FFIEC News
Log Management & Intelligence Extends Capabilities to Guard Corporate Information Assets
(Oct 08, 2007)-- LogLogic, released LogLogic 4 Release 2, which extends LogLogic’s log data warehouse capabilities to include fine-grain auditing capabilities that documents all users' activities including data accessing, changing or deleting information at rest. By monitoring information level activities, companies can better protect information assets and complement IT Governance, Risk and Compliance initiatives.
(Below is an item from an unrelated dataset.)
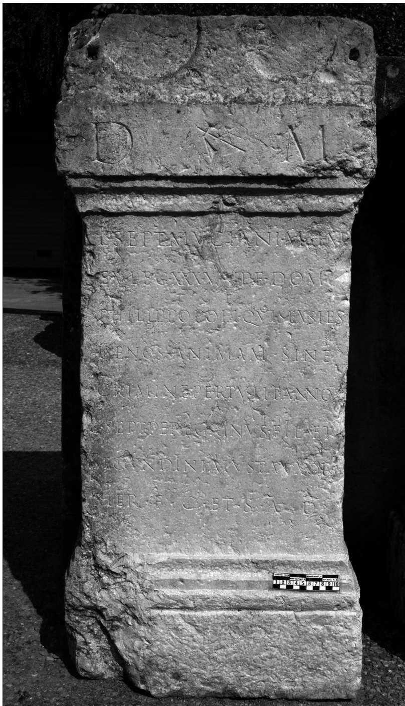
Fig. 2. Foto de conjunto y detalles de A. Bolaños

With the new release, LogLogic’s log data warehouse is giving companies an on-demand way to see who is accessing, changing, deleting or moving information stored on file systems, Windows and UNIX servers, databases and midrange systems from NetApp, Blue Coat, Sun Microsystems, Microsoft, HP, IBM, Oracle and Sybase, among other vendor solutions.
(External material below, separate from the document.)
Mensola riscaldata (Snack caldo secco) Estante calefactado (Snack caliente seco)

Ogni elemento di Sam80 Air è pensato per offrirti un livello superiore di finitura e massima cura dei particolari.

Logs are a fingerprint of systems and user activity and are central to an IT professional’s daily security and operations routines to provide business executives with the data and intelligence Enterprises need to prove compliance with IT controls and regulations such as PCI and SOX. With the addition of LogLogic 4 Release 2, the business now has a way to deploy a log data warehouse in order to monitor and audit user activities at a time when information leakage and misuse incidents are at an all-time high.
“As executives’ fiduciary responsibilities expand to include the protection of corporate reputation and the safeguarding of information assets like customer and personnel data, as well as the security of intellectual property, being able to prove system activities of users and non-authorized personnel is mandatory,” said Dominique Levin, Chief Executive Officer at LogLogic. “Delivering the means to monitor this activity goes a long way to protect information – both as a deterrent to users who know they are being watched to safeguarding against the unknown predator of information theft. With log data serving as the digital equivalent of a surveillance camera, Log Management and Intelligence with fine grain monitoring capabilities serves as both deterrent and immutable legal evidence that can be used to prosecute violations as powerful evidence to safeguard corporate reputation.”
Knowing who is actually accessing sensitive data is also a first step towards designing or validating new security and compliance policies. Inappropriate access can be identified and corrected through new policies or new user configuration. For example, if you find that 2,000 developers are accessing source code you may want to re-design your access rights and privileges.
“Due to much publicized internal and external data breaches, IT is facing the brutal truth regarding the importance of collecting log and network flow data,” said Jon Oltsik, Senior Analyst at Enterprise Strategy Group. “User activity monitoring, risk mitigation and compliance mandates can all be tackled effectively by log management, and the Global 2000 is taking notice.”
The LogLogic log data warehouse delivers much broader user and system activity monitoring capabilities. Inappropriate information usage can be correlated with other user activities. System analysts can, with a single mouse-click, view which web applications a user has visited, which e-mails a user has sent, when a user connected to the VPN and at what time a user left the building, when the appropriate log data is collected. This comprehensive approach to user activity monitoring through the use of log data complements identity management operations. Where identity management is focused primarily on authentication and authorization, log data capture completes the puzzle of all users’ activities after they have been authenticated by the system.
The New LogLogic 4 Release 2 includes more than 25 new features, including:
* Collect and analyze fine-grain audit logs from servers, database and file servers.
* Ability to verify the integrity of log data archived in the LogLogic log data warehouse.
* Ability to detect and remove duplicate log entries in log files.